= Vittoria Colizza =

Italian scientist

Vittoria Colizza is an Italian scientist, research director at INSERM and a specialist in mathematical modeling of infectious disease and computational epidemiology. In particular, she has carried out research on the modeling of seasonal and pandemic flu, Ebola and the COVID-19 pandemic.

==Career==
Vittoria Colizza was born in 1978 in Rome, Italy. She earned her undergraduate degree in physics from the University of Rome Sapienza in Italy, in 2001 and her PhD in Statistical and Biological Physics from the International School for Advanced Studies, Italy in 2004. After that, she moved to the United States and conducted postdoctoral research at the University of Indiana in Bloomington from 2004 to 2006 under the direction of Alessandro Vespignani, through a grant from the European Research Council, before becoming a visiting assistant professor at the same institution from 2006 to 2007.

In 2007, Colizza joined the ISI Foundation in Turin, Italy, starting a new lab after receiving the award of a Starting Independent Career Grant in Life Sciences by the European Research Council Ideas Program.
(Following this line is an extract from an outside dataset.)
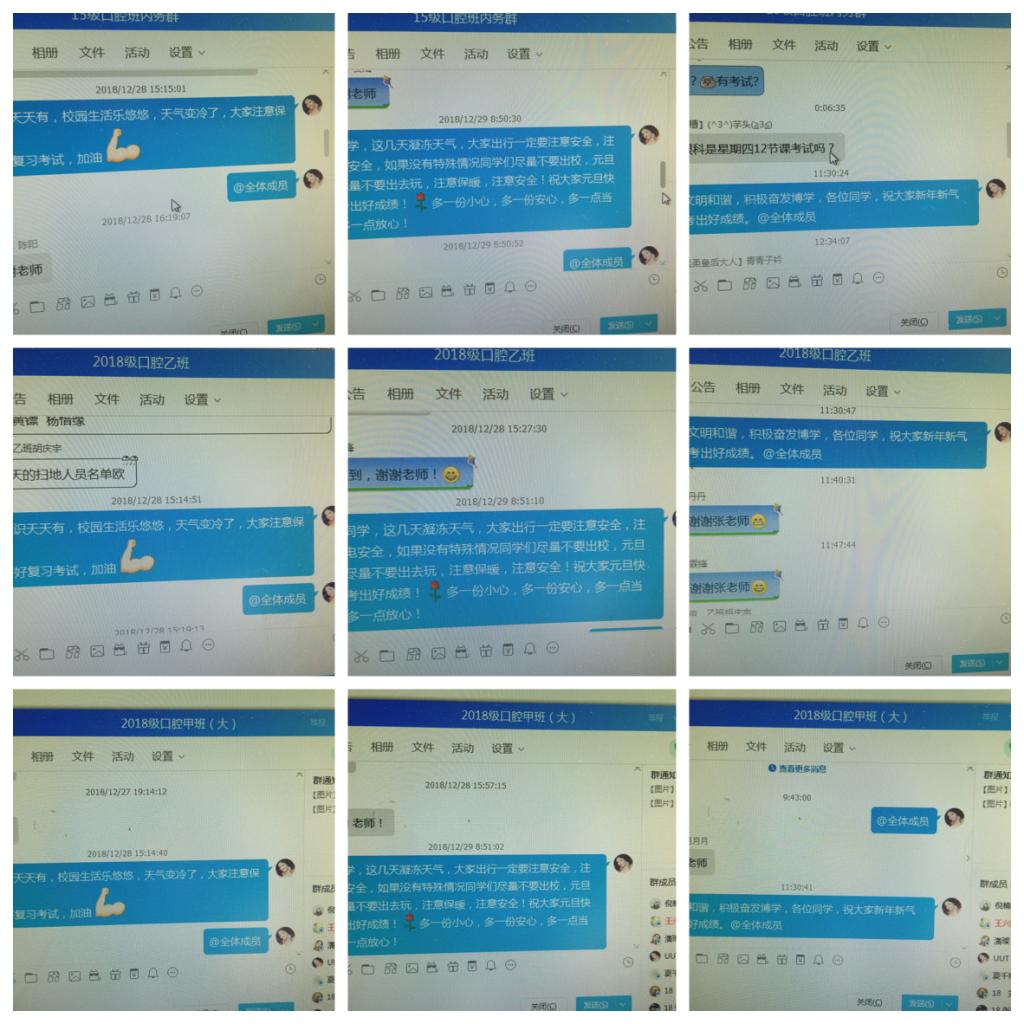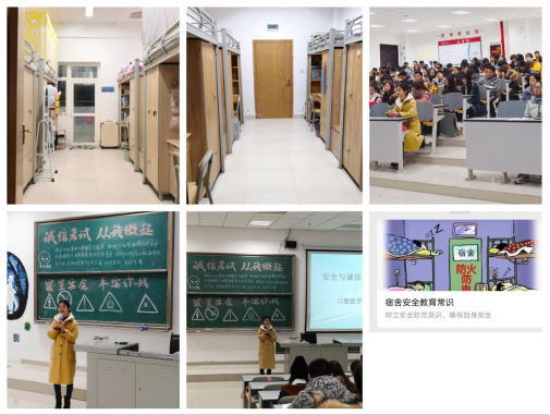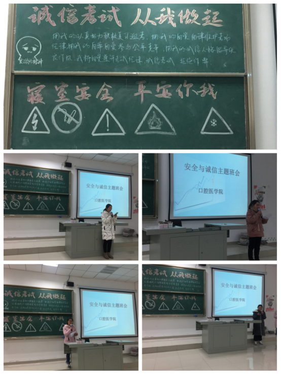 2018年12月26日--28日,口腔医学院在北校区、南校区分别召开以“诚信考试,从我做起,寝室安全,平安你我”为主题的活动,此次活动各班全体同学积极参与其中,同时口腔医学院党委副书记钱禾以及各年级辅导员老师也参与到活动中来。活动形式多样、内容丰富,主要采取以下形式进行:各班组织开展诚信---安全教育主题班会 、开展诚信---安全签名活动、诚信---安全每日一语活动、宿舍安全大排查活动以及安全常识推文活动。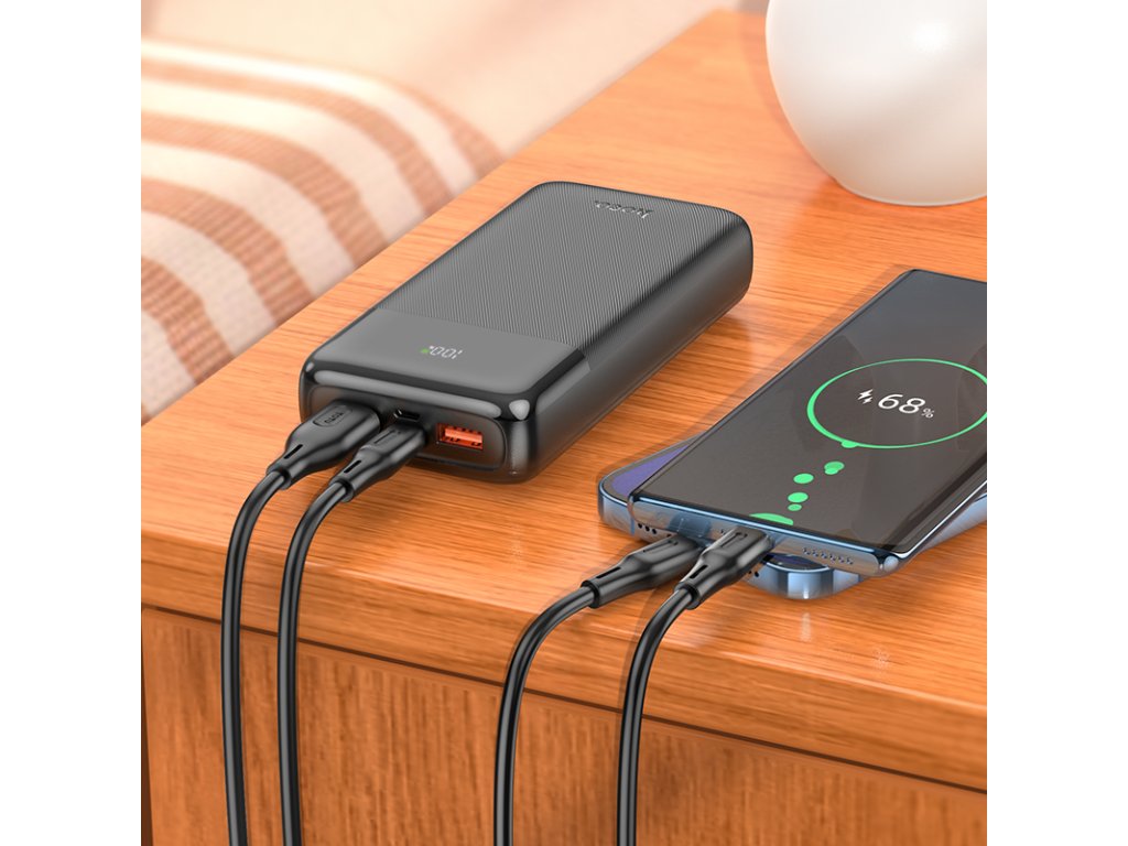 Externí baterie Hoco J121A Fast není žádný mrňous a důvodem je velká kapacita 20 000 mAh. Díky tomu můžete mnohonásobně nabít svůj telefon nebo tablet. Vedle těchto zařízení navíc nebude dělat rozhodně ostudu a nabíjet můžete rovnou 3 zařízení současně. Potěší i displej zobrazující zbývající energii powerbanky v procentech.

Here, she conducted research on the 2009 Influenza A (H1N1) pandemic.

In 2011, Colizza joined the INSERM (French National Institute for Health and Medical Research) in Paris, where she was promoted to Research Director in 2017. She currently leads the EPICx lab at INSERM and works on modeling the spread of emerging infectious diseases using statistical physics, computational sciences and mathematical epidemiology.

Colizza has also been a visiting professor at Tokyo Institute of Technology since 2020.

==Research==
Collizza is known for her research on infectious disease dynamics and public health, using data-driven mathematical and computational models. Her research focuses on how hosts' behavior such as contact, commuting, air travel, migration, etc) result in the spread of disease. (CITE ORCID) and applications of her work can be seen in epidemics in humans (e.g. 2009 Influenza A (H1N1) pandemic, Ebola virus epidemic, seasonal flu, COVID-19 pandemic) and in animals (bovine brucellosis and tuberculosis), raising awareness of infectious diseases, providing risk assessment analyses to enable preparedness, mitigation and control of such diseases.

Colizza has played a large role in the COVID-19 pandemic research in 2020. Her research includes predicting trends in importations of the pandemic in France and in Europe and also quantifying undetected imported cases, and evaluating the impact of lockdown measures in France and the proposal of exit strategies. Colizza and her team have been also investigating the effect of school closure and testing in the mitigation of COVID-19.

==Awards and honors==
- 2021: Prix Irène Joliot Curie – Prix spécial de l'engagement by the French Academy of Sciences
- 2020: Knight of the Order of Merit of the Italian Republic
- 2012: Louis-Daniel Beauperthuy Prize from the Académie des Sciences
- 2013: Young Scientist Prize in Socio-Econophysics 2013, awarded by the German Physics Association.
- 2017: Erdős–Rényi prize for her contributions to fundamental and data-based modeling of network epidemic processes.
- 2017: Telethon-Farmindustria Award for her research predicting the peak of the Influenza A (H1N1) pandemic in 40 countries.

==Publications (selected)==
Vittoria Colizza has published or co-published more than a hundred scientific articles at the end of 2020, including:

- Marius Gilbert, Vittoria Colizza & all, Preparedness and vulnerability of African countries against imports of COVID-19: a modeling study, The Lancet, Volume 395, Issue 10227, 14–20 March 2020, Pages 871-877
- Di Domenico, L., Pullano, G., Sabbatini, CE, Boëlle, PY, & Colizza, V. (2020). Expected impact of lockdown in Île-de-France and possible exit strategies. medRxiv .
- Colizza, Vittoria, Alain Barrat, Marc Barthélemy, and Alessandro Vespignani. "The role of the airline transportation network in the prediction and predictability of global epidemics." Proceedings of the National Academy of Sciences 103, no. 7 (2006): 2015-2020.
- Colizza, Vittoria, Alain Barrat, Marc Barthelemy, Alain-Jacques Valleron, and Alessandro Vespignani. "Modeling the worldwide spread of pandemic influenza: baseline case and containment interventions." PLoS Med 4, no. 1 (2007): e13.
- Balcan, D., Colizza, V., Gonçalves, B., Hu, H., Ramasco, JJ and Vespignani, A., 2009. Multiscale mobility networks and the spatial spreading of infectious diseases. Proceedings of the National Academy of Sciences, 106 (51), pp. 21484-21489.